Record set>
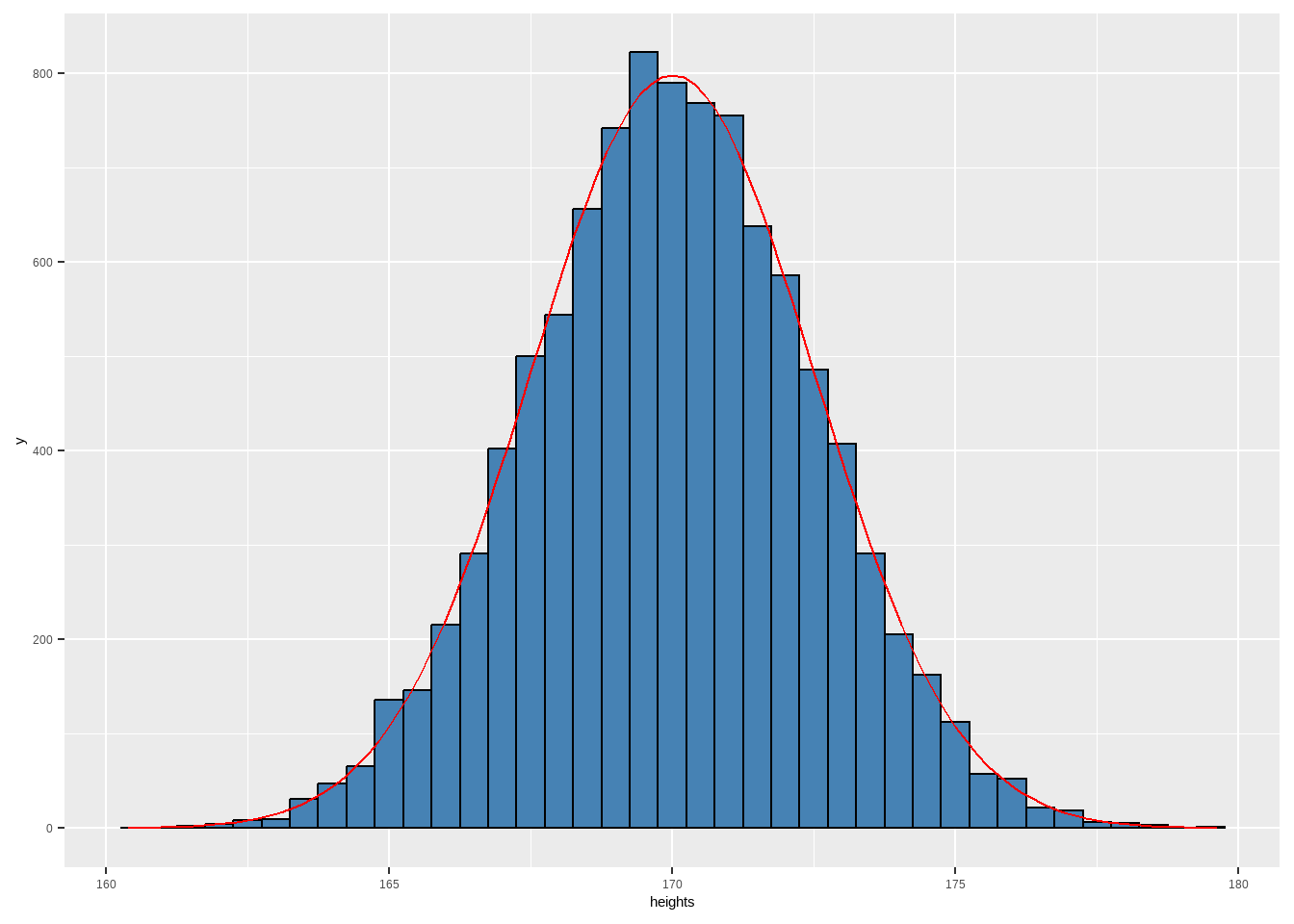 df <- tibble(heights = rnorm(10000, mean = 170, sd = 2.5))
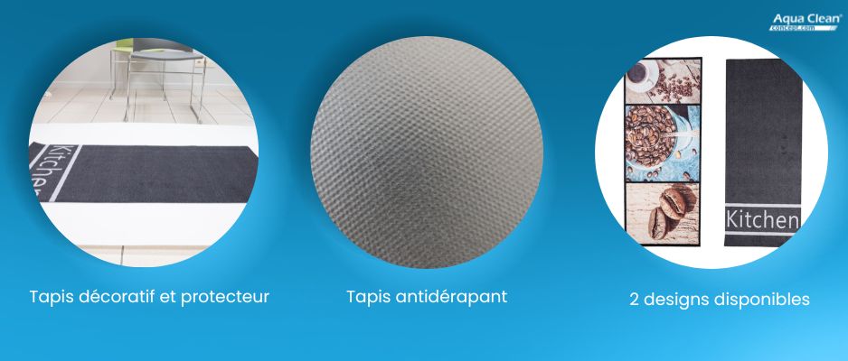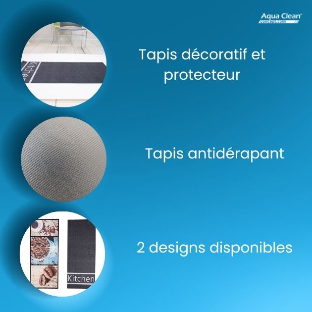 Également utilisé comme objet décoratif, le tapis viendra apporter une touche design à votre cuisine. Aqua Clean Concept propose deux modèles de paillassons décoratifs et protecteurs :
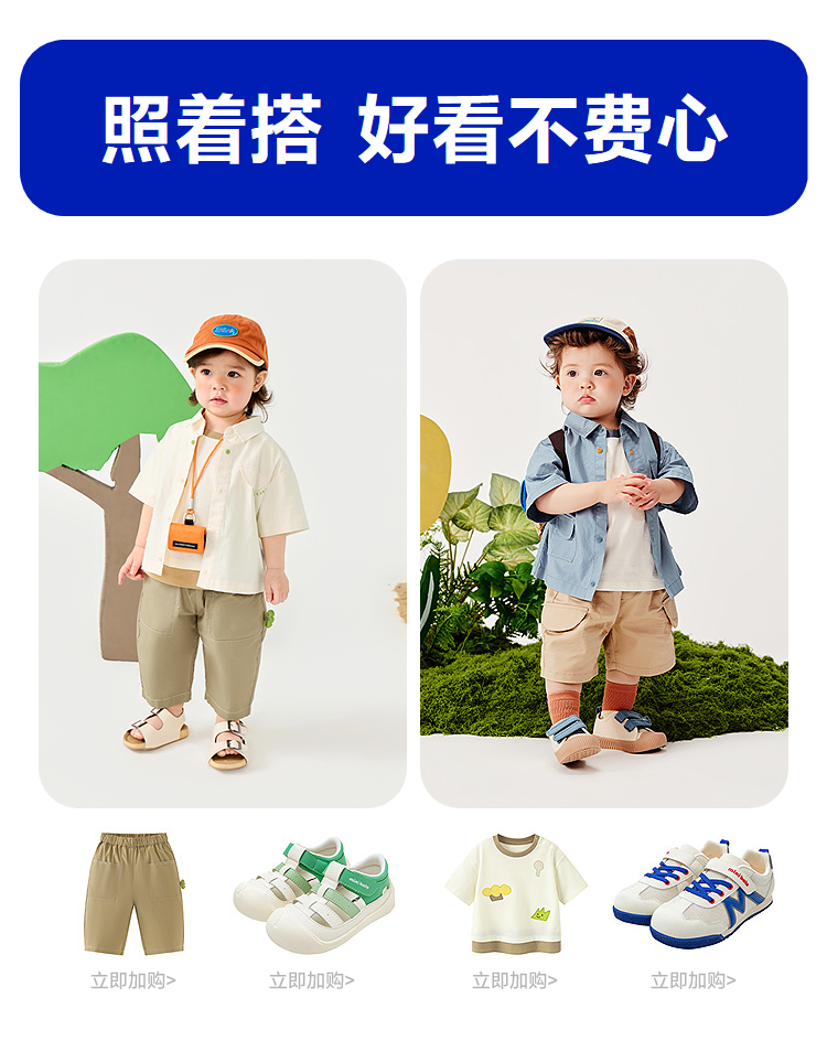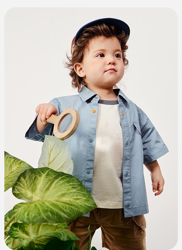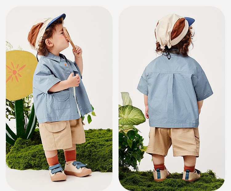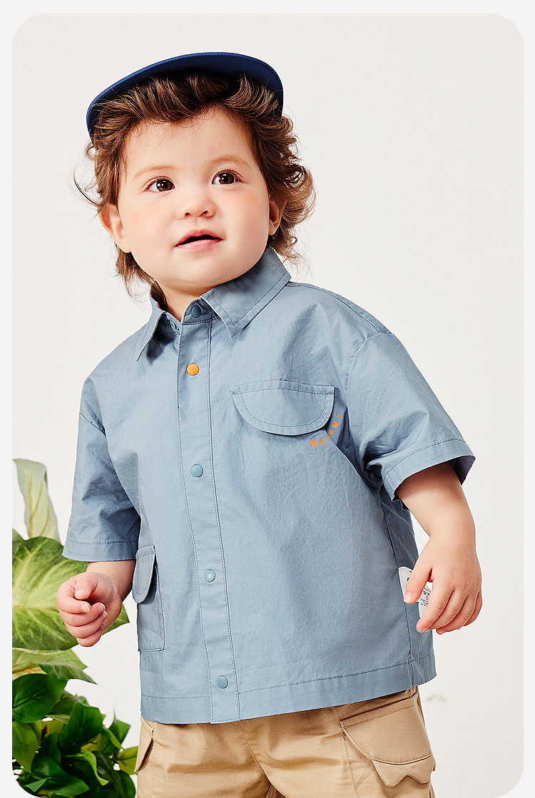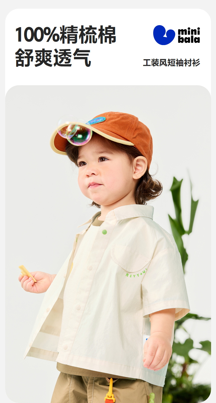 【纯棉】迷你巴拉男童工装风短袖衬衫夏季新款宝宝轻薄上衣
---
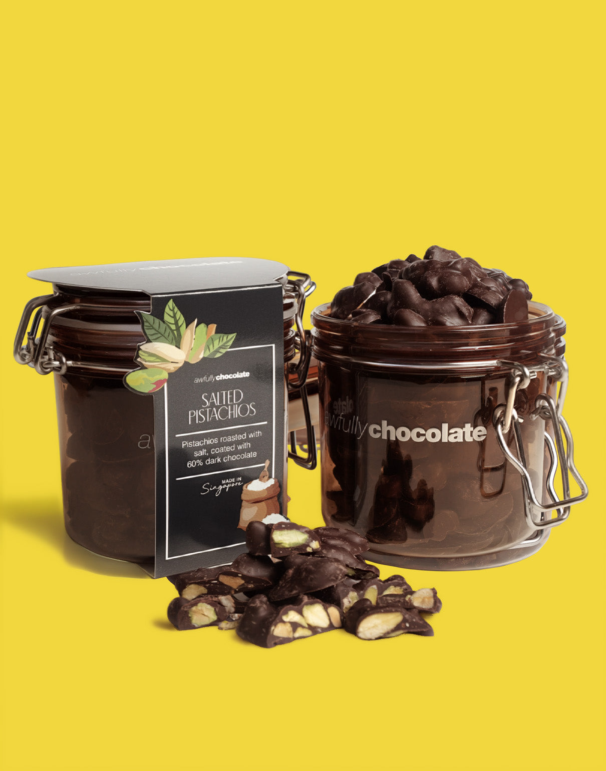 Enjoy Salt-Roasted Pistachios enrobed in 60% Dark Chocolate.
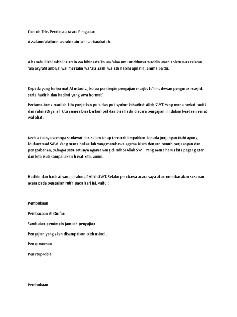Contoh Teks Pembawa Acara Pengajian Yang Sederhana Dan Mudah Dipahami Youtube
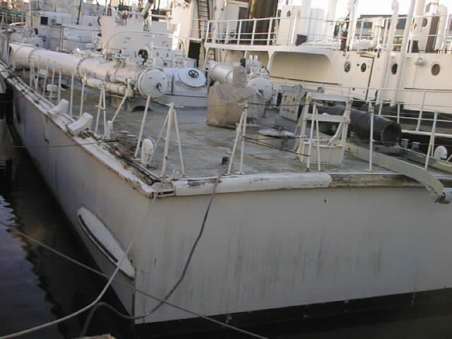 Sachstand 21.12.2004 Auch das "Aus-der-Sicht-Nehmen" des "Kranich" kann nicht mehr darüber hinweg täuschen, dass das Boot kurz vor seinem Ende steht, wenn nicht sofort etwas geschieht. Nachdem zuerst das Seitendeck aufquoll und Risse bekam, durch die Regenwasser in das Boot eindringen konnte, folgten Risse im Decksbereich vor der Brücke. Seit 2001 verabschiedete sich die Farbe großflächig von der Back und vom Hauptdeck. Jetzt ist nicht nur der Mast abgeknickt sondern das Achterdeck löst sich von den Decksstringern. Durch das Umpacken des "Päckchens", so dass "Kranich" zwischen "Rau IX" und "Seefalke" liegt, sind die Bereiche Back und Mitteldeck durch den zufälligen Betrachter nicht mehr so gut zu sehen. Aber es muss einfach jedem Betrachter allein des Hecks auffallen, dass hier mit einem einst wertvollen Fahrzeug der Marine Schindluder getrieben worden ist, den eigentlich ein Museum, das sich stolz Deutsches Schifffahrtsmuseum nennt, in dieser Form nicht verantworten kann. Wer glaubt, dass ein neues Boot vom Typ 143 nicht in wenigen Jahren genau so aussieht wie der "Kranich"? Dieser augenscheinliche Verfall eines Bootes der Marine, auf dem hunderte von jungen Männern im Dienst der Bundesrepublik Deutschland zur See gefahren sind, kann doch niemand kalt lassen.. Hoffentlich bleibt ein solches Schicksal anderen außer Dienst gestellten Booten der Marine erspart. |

Work to complete>
For the material above, give again only the lines starting at the line that contains "Contoh Teks Pembawa" and ending at the line that contains "Sachstand 21.12.2004 Auch". Pictures do not belong in the copy.

Task response>
Contoh Teks Pembawa Acara Pengajian Yang Sederhana Dan Mudah Dipahami Youtube
 Sachstand 21.12.2004 Auch das "Aus-der-Sicht-Nehmen" des "Kranich" kann nicht mehr darüber hinweg täuschen, dass das Boot kurz vor seinem Ende steht, wenn nicht sofort etwas geschieht. Nachdem zuerst das Seitendeck aufquoll und Risse bekam, durch die Regenwasser in das Boot eindringen konnte, folgten Risse im Decksbereich vor der Brücke. Seit 2001 verabschiedete sich die Farbe großflächig von der Back und vom Hauptdeck. Jetzt ist nicht nur der Mast abgeknickt sondern das Achterdeck löst sich von den Decksstringern. Durch das Umpacken des "Päckchens", so dass "Kranich" zwischen "Rau IX" und "Seefalke" liegt, sind die Bereiche Back und Mitteldeck durch den zufälligen Betrachter nicht mehr so gut zu sehen. Aber es muss einfach jedem Betrachter allein des Hecks auffallen, dass hier mit einem einst wertvollen Fahrzeug der Marine Schindluder getrieben worden ist, den eigentlich ein Museum, das sich stolz Deutsches Schifffahrtsmuseum nennt, in dieser Form nicht verantworten kann. Wer glaubt, dass ein neues Boot vom Typ 143 nicht in wenigen Jahren genau so aussieht wie der "Kranich"? Dieser augenscheinliche Verfall eines Bootes der Marine, auf dem hunderte von jungen Männern im Dienst der Bundesrepublik Deutschland zur See gefahren sind, kann doch niemand kalt lassen.. Hoffentlich bleibt ein solches Schicksal anderen außer Dienst gestellten Booten der Marine erspart. |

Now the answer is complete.